SLICE A CAN OF SPAM INTO 3/4" peices. add pepper cook and top with american cheese food.


----------



## Jodi (Aug 17, 2004)

timt said:
			
		

> SLICE A CAN OF SPAM INTO 3/4" peices. add pepper cook and top with american cheese food.


  You don't actually eat that crap do you?


----------



## nikegurl (Aug 17, 2004)

Jodi said:
			
		

> Lawry's seasoning - shake on chicken, fish beef or whatever and grill Mmmmm



ditto.


----------



## Spitfire (Aug 17, 2004)

timt said:
			
		

> SLICE A CAN OF SPAM INTO 3/4" peices. add pepper cook and top with american cheese food.


    please tell me your kidding


----------



## timt (Aug 17, 2004)

No, but my dad used to make me eat it though. Not a choice I make as an adult. I eat mostly chicken, grilled outside. with spinach, squash, brocolli, peas or carrots. Once and a while a steak, but I have to have a beer with that. Pizza is my weakness, and it is hard to get through a day; cause my second job is at a pizza place. I had to go to the store to get ham one day and being the thrifty person that I am I bought this cheap ham; tasted like spam I loved putting that on the pizzas for the day. When the truck came in we couldn't even get anyone to take that ham home.


----------



## chadeau (Aug 17, 2004)

Meat + Montreal chicken or steak spice = satisfying meal no matter what


----------



## BulkMeUp (Aug 18, 2004)

chadeau said:
			
		

> Meat + Montreal chicken or steak spice = satisfying meal no matter what


----------



## ZECH (Aug 18, 2004)

Nature's seasoning and Mrs. Dash with some Hickory or mesquite flavoring!!!


----------



## Dreadlox (Aug 20, 2004)

dg806 said:
			
		

> Nature's seasoning and Mrs. Dash with some Hickory or mesquite flavoring!!!



Now your talking


----------



## Spitfire (Aug 20, 2004)

Oh IM F-ING HUNGRY


----------



## NipsMG (Aug 22, 2004)

I dunno how many of you watch the food network, but my girlfriend did, and her father made a customized version of Emiril's Essence.  Whether or not you like emiril, give it a shot.  I'm telling you it's amazing on everything from eggs to chicken to steak to.... god ANYTHING you can cook.

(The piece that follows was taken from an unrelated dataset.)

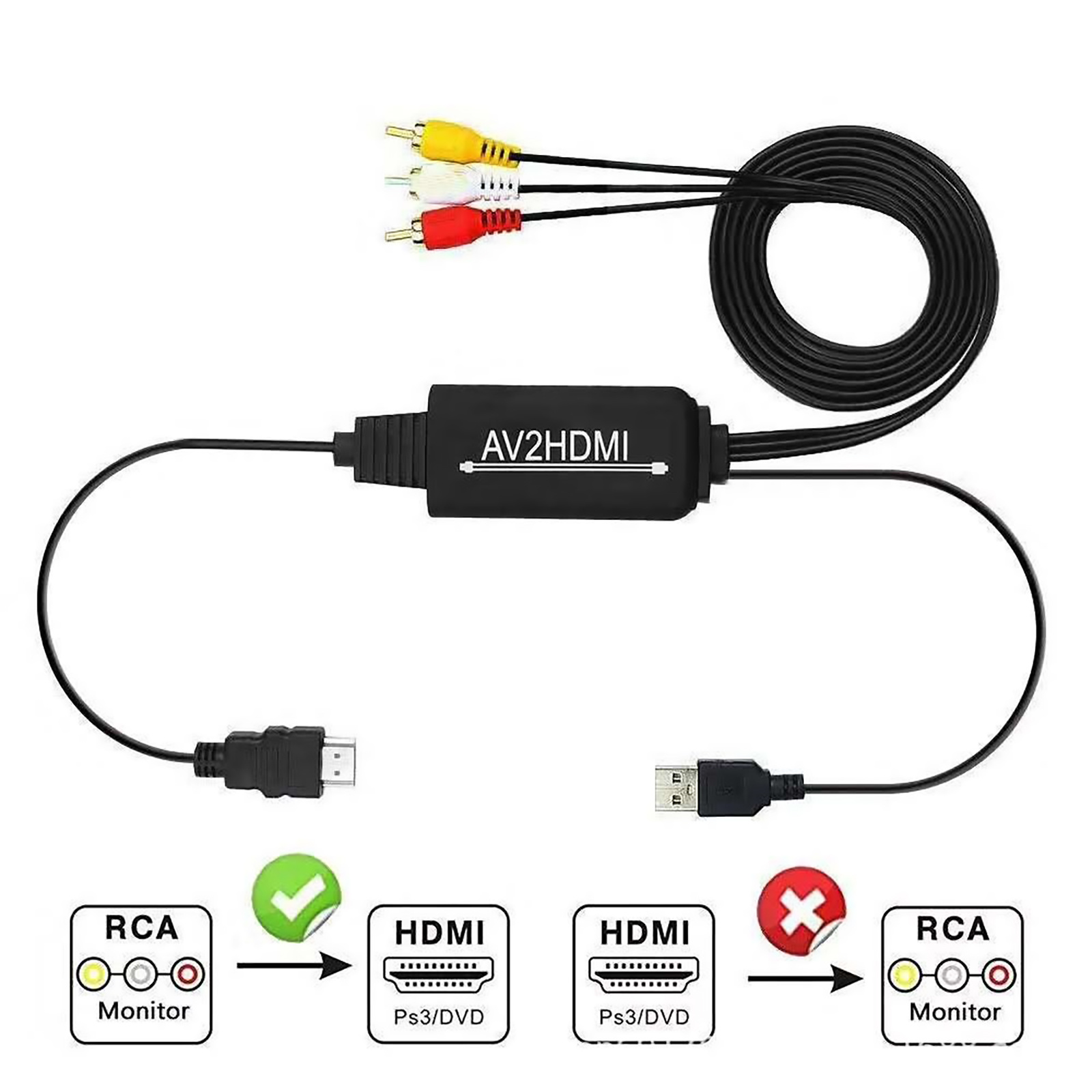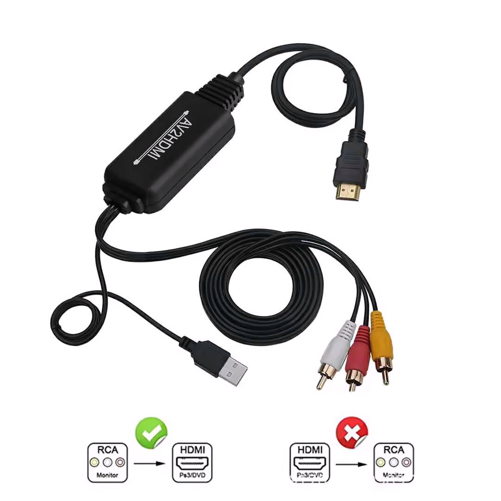 Unbranded 1080P 720P Composite Audio Video CVBS To HDMI Converter RCA HDMI Converter Cable
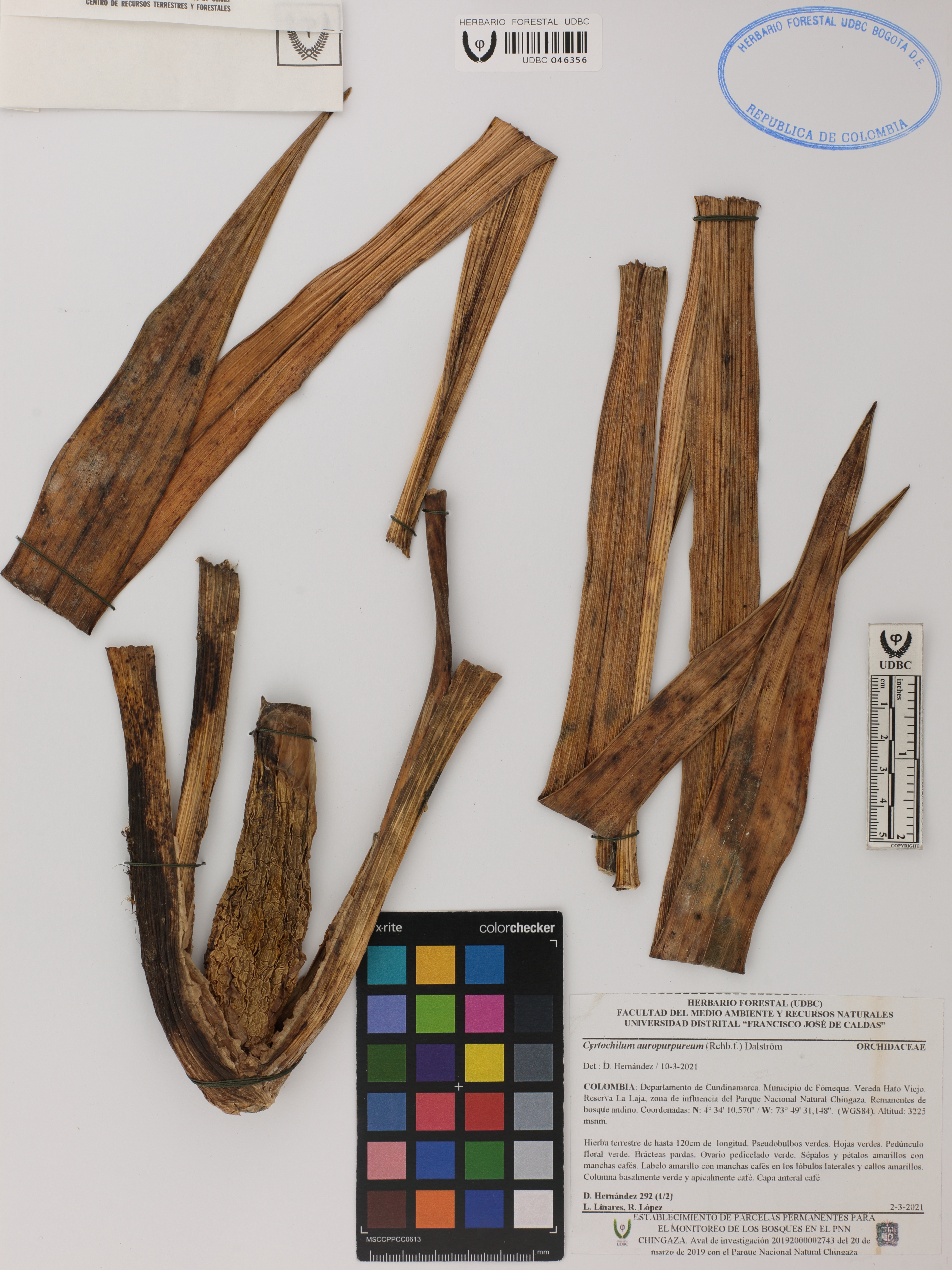 Fotografía del ejemplar Hernández, D. 292, determinado como Cyrtochilum auropurpureum en el año 2021

Here's the unmodified version, you can change it to taste..

Essence (Emeril's Creole Seasoning): 
2 1/2 tablespoons paprika 
2 tablespoons salt 
2 tablespoons garlic powder 
1 tablespoon black pepper 
1 tablespoon onion powder 
1 tablespoon cayenne pepper 
1 tablespoon dried leaf oregano 
1 tablespoon dried thyme 


Combine all ingredients thoroughly and store in an airtight jar or container.


----------



## bigss75 (Aug 22, 2004)

The mrs dash garlic and herbs or something is good. You can put on anything.


----------